Welcoming the marchers to Auchterarder at a rally in the local park, anti-war MP George Galloway said: ‘The most violent criminals on the earth today are in the Gleneagles Hotel at the G8 summit.’

Demonstrators on the march through the village of Auchterarder, near the G8 summit shouted ‘G8 has got to go!’, ‘George Bush, Tony Blair – Terrorists!’, ‘G8 Police State’ and ‘Bush and Blair Have Got to Go’.

Protesters carried placards saying things like ‘G8 Go To Hell and ‘You are G8 we are 6 Billion’ and ‘Another World is Possible’.

Everyone was carrying bright banners, red flags and Palestinian flags in a carnival mood despite the rain.

Riot police and police on horses were mobilised when a large group of demonstrators breached the agreed route to make off across fields to the Gleneagles summit perimeter fence.

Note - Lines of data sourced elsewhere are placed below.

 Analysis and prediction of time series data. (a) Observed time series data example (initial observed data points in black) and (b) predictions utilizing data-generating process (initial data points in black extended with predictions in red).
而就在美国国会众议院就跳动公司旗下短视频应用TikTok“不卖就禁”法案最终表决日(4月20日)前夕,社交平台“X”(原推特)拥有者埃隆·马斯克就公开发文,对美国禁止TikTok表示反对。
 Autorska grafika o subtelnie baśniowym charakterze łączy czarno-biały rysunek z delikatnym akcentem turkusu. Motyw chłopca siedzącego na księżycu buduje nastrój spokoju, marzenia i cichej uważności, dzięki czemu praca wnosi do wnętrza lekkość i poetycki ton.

A Chinook military helicopter was used to ferry riot police to reinforce the others where the fence was breached.

And there were clashes with riot police in the village, with demonstrators using police fencing to protect themselves from baton charges by riot police with plastic shields.

Referring to the G8 leaders, Galloway had said earlier: ‘These criminals won’t be wearing hoods, they won’t be wearing masks but they are responsible for the deaths of millions of people around the world by their globalised capitalism, by their wars and their exploitation of the world’s resources and its environment.

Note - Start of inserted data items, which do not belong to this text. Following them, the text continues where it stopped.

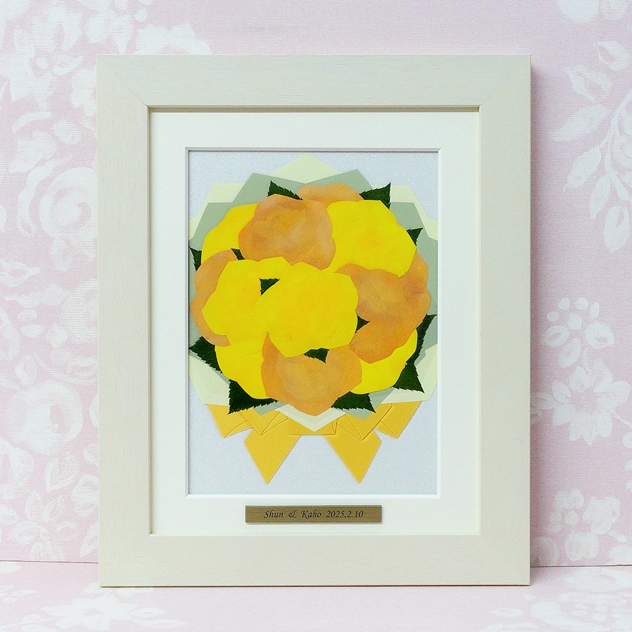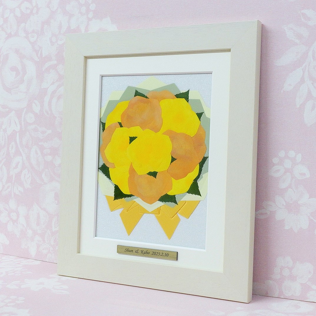 プロポーズの黄色バラとオレンジバラの花束を押し花に保存加工させて頂いたお客様からのご感想です♪
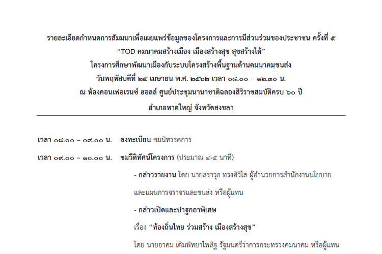 กำหนดการสัมมนาเพื่อเผยแพร่ข้อมูลของโครงการและการมีส่วนร่วมของประชาชน ครั้งที่ 5 “TOD คมนาคมสร้างเมือง เมืองสร้างสุข สุขสร้างได้”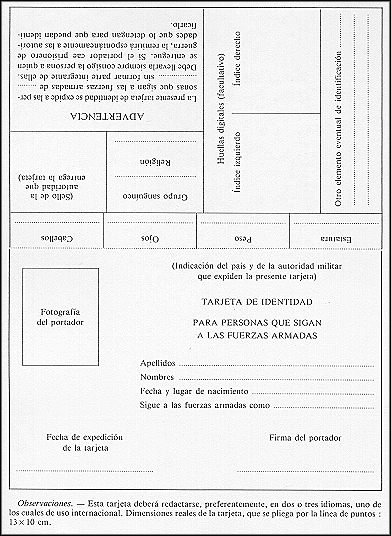 4) las personas que sigan a las fuerzas armadas sin formar realmente parte integrante de ellas, tales como los miembros civiles de tripulaciones de aviones militares, corresponsales de guerra, proveedores, miembros de unidades de trabajo o de servicios encargados del bienestar de los militares, a condición de que hayan recibido autorización de las fuerzas armadas a las cuales acompañan, teniendo éstas la obligación de proporcionarles, con tal finalidad, una tarjeta de identidad similar al modelo adjunto;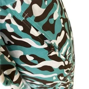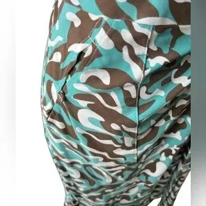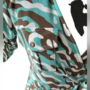 This version of the iconic wrap dress has all the bells and whistles! Rolled tab sleeves, chest pockets and side slash pockets, plus a unique and attractive color scheme! A lovely teal blue and brown camo print that you don’t see often.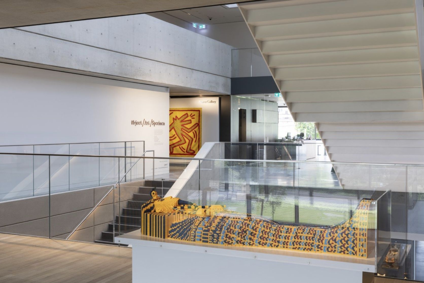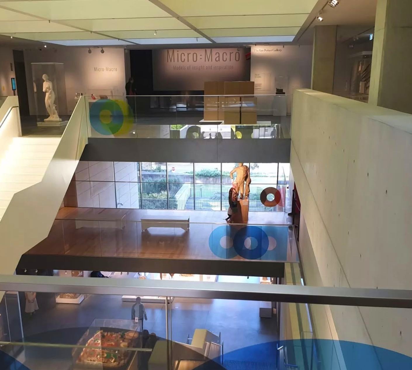 박물관의 현대적인 건축 양식은 캠퍼다운 캠퍼스의 전통적인 사암 건물과 조화를 이루며 여러 공공 층에 걸친 내부 디자인이 다르게 느껴집니다.

‘If the police want to do the world a favour go and arrest them all now.’

He said: ‘We’re speaking for the Iraqis, the Palestinians and Afghan people – all those living under violent occupation.

‘We’re going to march and we’re going to raise our voices against the criminals in Gleneagles.’

Galloway said he will be ‘asking pointed questions’ in Parliament today about the actions of the authorities.

Demonstrator Simon Jones from Liverpool told News Line: ‘The G8 are really scared about what’s going on, that’s why they’ve had to clamp down so hard on all the demonstrations.

‘There’s only one way that poverty can be made history and that’s to get rid of private ownership of production I think we need to go forward to a socialist society.’

Tony Thornton, branch secretary of City of Plymouth UNISON, who brought their banner, said: ‘We’ve got three coaches up from Plymouth at the weekend and today because what’s happening around the world is also happening to us.’

Earlier coach loads of marchers had been stopped for hours on the road before they were allowed to proceed to Auchterarder under an escort of dozens of police vans.

In Edinburgh over 1,000 people, hoping to get on the coaches to the demonstration were turned back and held an impromptu demonstration in Princes Street in protest.

On the way to the demonstration, Trevor Ngwane from Soweto in south Africa told News Line: ‘Most of the world’s problems starting with slavery, colonialism and apartheid is because of the capitalist system.

‘It’s a system that puts profits before the needs of people.’

Prime Minister Tony Blair held a joint press conference in Edinburgh yesterday with Bob Geldof and fellow singer Bono.

Geldof said Blair has the ‘biggest democratic mandate in history’ to press G8 leaders hard for an African aid deal or run the risk of a ‘terrible human failure’.

Blair stressed the need to link climate change and helping Africa take a bigger slice of global trade. He also said he wanted to see ‘a firm understanding to end the trade distorting subsidies’.

Bono urged the G8 leaders to consider extra measures, targeted for example on the education of girls and the fight against malaria.